Вот содержимое скрипта для автопереподключения /scripts/openvpn_switch

#!/bin/sh

count_route=`netstat -rn | grep 10.200.200.0 | wc -l`
count_tap=`netstat -rn | grep tap | wc -l`
if [ $count_route -eq 1 -a $count_tap -eq 1 ]
then
tap_name=`netstat -rn | grep 10.200.200.0 | awk '{print $8}'`
case $tap_name in
tap1)
kill -1 `cat /var/run/openvpn.A.pid`
;;
tap2)
kill -1 `cat /var/run/openvpn.B.pid`
;;
esac
fi

Теперь добавим задачу в cron:

echo '*/1 * * * * /scripts/openvpn_switch' >> /etc/crontabs/root

3) Скрипты автозапуска.

Что бы сервисы стартовали при перезагрузке, создадим стартовые скрипты:

Для хоста A

cat /etc/init.d/openvpn_A

#!/bin/sh /etc/rc.common
START=99
start() {
/usr/sbin/openvpn --daemon openvpn_A --cd /etc/openvpn --config /etc/openvpn/A.conf --writepid /var/run/openvpn.A.pid
}

и для хоста B

cat /etc/init.d/openvpn_B

#!/bin/sh /etc/rc.common
START=99
start() {
/usr/sbin/openvpn --daemon openvpn_B --cd /etc/openvpn --config /etc/openvpn/B.conf --writepid /var/run/openvpn.B.pid
}

И напоследок создадим симлинки в директории /etc/rc.d:

#ln -s   ../init.d/openvpn_A   S99openvpn_A
#ln -s   ../init.d/openvpn_B   S99openvpn_B

4) Запуск.

Что бы заставить работать у нас 2 варианта: либо перезагрузить роутер, либо запустить вручную. Пойдём по второму пути: запускаем стартовые скрипты:

#/etc/init.d/openvpn_A start
#/etc/init.d/openvpn_A start
#/etc/init.d/cron start

По умолчанию, если файл /etc/crontabs/root пустой, то cron не запускается автоматически. Если у вас он не пустой — тогда последнюю команду не нужно выполнять.

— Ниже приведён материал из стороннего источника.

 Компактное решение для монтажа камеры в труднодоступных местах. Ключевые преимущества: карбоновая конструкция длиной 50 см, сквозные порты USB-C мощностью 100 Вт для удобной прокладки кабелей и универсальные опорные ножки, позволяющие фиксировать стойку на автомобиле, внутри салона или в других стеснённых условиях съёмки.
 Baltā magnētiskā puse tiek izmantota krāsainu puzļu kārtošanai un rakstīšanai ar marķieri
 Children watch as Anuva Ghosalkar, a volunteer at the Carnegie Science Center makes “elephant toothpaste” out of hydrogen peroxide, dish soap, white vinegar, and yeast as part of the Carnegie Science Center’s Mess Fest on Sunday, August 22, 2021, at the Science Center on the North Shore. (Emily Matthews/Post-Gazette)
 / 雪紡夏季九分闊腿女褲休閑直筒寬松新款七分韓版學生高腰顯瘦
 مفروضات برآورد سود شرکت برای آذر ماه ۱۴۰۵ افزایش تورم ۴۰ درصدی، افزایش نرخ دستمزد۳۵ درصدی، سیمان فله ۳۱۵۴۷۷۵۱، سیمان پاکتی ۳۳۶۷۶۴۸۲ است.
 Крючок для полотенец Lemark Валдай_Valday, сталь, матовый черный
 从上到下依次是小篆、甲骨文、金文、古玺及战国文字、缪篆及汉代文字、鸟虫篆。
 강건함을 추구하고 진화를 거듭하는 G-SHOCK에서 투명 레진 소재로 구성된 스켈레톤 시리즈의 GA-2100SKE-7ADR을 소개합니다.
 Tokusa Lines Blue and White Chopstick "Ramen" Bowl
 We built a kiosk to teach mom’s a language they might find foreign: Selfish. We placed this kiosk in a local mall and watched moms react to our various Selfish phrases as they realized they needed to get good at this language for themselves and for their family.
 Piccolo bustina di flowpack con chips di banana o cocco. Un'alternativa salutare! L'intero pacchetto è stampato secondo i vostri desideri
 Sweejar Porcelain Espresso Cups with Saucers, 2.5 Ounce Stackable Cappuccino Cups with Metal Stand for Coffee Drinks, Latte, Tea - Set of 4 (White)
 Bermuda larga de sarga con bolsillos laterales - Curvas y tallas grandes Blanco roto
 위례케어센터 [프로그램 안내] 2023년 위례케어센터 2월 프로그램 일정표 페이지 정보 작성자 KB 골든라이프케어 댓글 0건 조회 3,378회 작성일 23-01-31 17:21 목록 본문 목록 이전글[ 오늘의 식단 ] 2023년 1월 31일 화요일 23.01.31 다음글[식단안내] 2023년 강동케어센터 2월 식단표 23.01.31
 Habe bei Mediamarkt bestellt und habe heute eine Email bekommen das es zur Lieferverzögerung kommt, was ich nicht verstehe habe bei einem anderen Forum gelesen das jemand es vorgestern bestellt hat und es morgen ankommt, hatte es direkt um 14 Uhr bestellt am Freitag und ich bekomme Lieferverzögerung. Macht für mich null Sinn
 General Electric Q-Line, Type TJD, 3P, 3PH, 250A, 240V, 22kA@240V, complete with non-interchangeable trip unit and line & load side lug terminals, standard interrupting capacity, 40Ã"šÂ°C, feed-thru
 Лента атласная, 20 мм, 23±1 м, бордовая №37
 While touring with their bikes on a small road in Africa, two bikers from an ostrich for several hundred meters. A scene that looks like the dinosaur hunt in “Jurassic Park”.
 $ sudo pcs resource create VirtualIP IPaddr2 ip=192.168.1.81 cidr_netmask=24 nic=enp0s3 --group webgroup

Клиенты openvpn и 2 канала у сервера: 6 комментариев

  1. maxfd

    Можно проще, используя встроенные возможности openvpn.
    Достаточно создать один файл конфигурации openvpn на клиенте, и в нём прописать секции для каждого IP-адреса сервера. Также в этих секциях можно специфические для каждого IP-адреса настройки, но это не для данного случая. При наличии в настройках клиента опций «ping-restart m» или «keepalive n m», начнётся попытка соединения со следующим сервером через m секунд, если предыдущее подключение было нерабочим.
    Т.е. в файле настроек неизменные части сохранятся, добавятся секции :

    cat /etc/openvpn/ABC.conf

    client
    proto udp
    dev tap2

    remote AA.AA.AA.AA:1194

    remote BB.BB.BB.BB:1194

    nobind
    persist-key
    keepalive 10 120
    cipher BF-CBC
    comp-lzo
    verb 0
    ca /etc/openvpn/ca.crt
    cert /etc/openvpn/client.crt
    key /etc/openvpn/client.key

  2. maxfd

    Не прошло принципиальное содержимое, попытаюсь ещё раз.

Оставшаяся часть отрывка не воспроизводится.